Strings

Hey There,
I am actually facing a problem here guys. In an array of strings I want to remove all the punctuation and also convert all the letters to lower case letters. Does anybody have a clue how this could be done??
I really appreciate it if u helped.
Many Thanks.

closed account (S6k9GNh0)

char * toLower(char * word)
{
    int i;

    while (word[i] < 97 && word[i] >= 65)
    {
        word[i] += 32;
        ++i;
    }
    return word;
}

Little function I made. This takes advantage of ASCII. Every ASCII character is represented by a number. In the same sense I could have had it compare to the characters themselves but I don't like that.
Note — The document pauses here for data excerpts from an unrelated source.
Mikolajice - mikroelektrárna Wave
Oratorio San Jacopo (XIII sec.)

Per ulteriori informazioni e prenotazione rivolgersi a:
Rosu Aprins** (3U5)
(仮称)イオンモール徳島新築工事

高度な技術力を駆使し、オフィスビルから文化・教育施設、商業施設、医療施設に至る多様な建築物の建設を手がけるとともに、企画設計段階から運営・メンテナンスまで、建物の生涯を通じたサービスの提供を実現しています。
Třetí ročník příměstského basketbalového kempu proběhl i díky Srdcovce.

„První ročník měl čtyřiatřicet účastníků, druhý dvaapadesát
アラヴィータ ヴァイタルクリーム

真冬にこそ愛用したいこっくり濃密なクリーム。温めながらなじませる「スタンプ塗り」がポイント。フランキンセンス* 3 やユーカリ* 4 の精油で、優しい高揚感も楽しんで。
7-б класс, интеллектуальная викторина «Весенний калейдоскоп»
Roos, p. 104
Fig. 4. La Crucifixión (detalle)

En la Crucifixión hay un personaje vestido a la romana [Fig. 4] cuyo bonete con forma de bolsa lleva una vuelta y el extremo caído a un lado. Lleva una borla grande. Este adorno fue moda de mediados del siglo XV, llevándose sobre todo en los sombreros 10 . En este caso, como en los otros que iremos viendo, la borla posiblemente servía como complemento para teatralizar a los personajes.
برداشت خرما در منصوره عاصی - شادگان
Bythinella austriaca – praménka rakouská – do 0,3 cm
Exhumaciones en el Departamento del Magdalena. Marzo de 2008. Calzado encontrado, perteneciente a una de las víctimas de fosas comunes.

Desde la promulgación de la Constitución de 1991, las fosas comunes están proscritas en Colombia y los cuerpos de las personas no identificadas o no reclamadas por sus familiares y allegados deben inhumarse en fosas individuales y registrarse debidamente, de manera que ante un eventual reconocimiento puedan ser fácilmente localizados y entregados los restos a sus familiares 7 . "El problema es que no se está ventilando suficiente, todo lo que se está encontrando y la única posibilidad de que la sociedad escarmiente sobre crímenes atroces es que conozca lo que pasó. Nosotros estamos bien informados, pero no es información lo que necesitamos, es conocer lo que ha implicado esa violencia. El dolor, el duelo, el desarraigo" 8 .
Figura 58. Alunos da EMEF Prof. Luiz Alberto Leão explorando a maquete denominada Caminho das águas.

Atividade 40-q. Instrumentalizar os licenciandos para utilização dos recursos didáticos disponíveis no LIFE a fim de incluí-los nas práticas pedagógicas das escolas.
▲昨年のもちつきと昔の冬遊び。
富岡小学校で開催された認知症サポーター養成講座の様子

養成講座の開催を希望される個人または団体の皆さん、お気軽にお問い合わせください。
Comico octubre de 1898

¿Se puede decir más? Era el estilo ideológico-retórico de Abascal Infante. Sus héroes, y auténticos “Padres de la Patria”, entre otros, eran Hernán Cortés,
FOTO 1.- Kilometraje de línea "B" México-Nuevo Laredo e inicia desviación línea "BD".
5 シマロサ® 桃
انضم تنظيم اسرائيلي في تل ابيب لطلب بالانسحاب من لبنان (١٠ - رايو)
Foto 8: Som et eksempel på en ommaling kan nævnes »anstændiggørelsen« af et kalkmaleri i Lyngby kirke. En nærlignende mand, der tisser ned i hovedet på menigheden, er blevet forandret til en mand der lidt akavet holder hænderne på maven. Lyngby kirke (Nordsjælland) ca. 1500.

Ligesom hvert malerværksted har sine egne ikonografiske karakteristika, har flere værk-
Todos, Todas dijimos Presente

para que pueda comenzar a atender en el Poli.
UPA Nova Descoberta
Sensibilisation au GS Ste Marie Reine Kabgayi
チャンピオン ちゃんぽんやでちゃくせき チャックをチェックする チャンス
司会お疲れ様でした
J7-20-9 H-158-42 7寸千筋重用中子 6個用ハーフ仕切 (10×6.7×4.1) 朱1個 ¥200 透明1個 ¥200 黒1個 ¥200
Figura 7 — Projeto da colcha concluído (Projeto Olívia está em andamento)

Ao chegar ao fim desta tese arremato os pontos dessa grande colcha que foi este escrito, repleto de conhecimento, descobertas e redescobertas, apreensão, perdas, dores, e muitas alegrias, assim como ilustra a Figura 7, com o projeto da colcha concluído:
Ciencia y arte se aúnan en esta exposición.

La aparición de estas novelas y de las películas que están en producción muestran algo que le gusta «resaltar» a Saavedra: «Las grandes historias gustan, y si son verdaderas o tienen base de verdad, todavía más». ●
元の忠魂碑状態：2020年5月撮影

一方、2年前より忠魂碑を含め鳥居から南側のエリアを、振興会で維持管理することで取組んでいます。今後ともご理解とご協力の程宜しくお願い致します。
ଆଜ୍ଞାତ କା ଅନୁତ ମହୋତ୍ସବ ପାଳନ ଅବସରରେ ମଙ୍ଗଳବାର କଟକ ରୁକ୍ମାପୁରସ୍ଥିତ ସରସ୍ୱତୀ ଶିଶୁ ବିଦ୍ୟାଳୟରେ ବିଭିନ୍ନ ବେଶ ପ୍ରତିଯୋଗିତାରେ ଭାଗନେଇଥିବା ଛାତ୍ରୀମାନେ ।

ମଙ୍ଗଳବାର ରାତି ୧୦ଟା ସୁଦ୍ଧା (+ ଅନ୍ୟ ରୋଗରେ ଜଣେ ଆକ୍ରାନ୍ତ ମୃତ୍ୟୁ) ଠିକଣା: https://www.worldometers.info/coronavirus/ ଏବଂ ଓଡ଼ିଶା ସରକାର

Just opinion.

Last edited on

Hammurabi (399)

Generally you should avoid a particular encoding. toLower is more portable and more readable like this:

char* toLower( char* str )
{
    for( ; *str; str++ )
        *str = tolower( *str );
    return str;
}

The function ispunct() will tell you if a char is punctuation.

Last edited on

helios (17574)

//for a C string
std::transform(str,str+strlen(str),str,tolower);
//for an std::string
std::transform(str.begin(),str.end(),str.begin(),tolower);

It's true that no particular encoding should assumed, but it's also true that program's correct functioning shouldn't depend on the locale settings of the system (IMO), and it should just use UCS (Unicode is a subset of UCS). Since UCS includes ASCII, computerquip's is actually more portable by not making the program's behavior depend on settings.
By the way, I personally like this version better:

template<typename T>
void tolower(T *str){
    for (;*str;str++)//to change to toupper():
        if (*str>='A' && *str<='Z') //invert the case of these literals,
            *param|=32; //and change this to &=255^32
}

Last edited on

upo (14)

Yes, thank you guys that was very helpful
I really appreciate your help ;)

Hammurabi (399)

Shouldn't correct functioning follow the locale settings? That was my assumption! Ultimately it depends on the problem specification. Only the OP knows for sure (maybe).

helios (17574)

Well, that's why I put the IMO in there. If you really want to make the program portable, don't assume the system is in any particular locale and just use Unicode.
This is a mistake Japanese programmers make on a daily basis. In Japan, OSs are set up to use Shift JIS as the default non-Unicode encoding. These programmers think "hell. If everyone uses Shift JIS, what's the point of using Unicode? No one will ever want to use this program outside of Japan!"
Whenever a programmer thinks something that starts with "no one will ever", disasters occur.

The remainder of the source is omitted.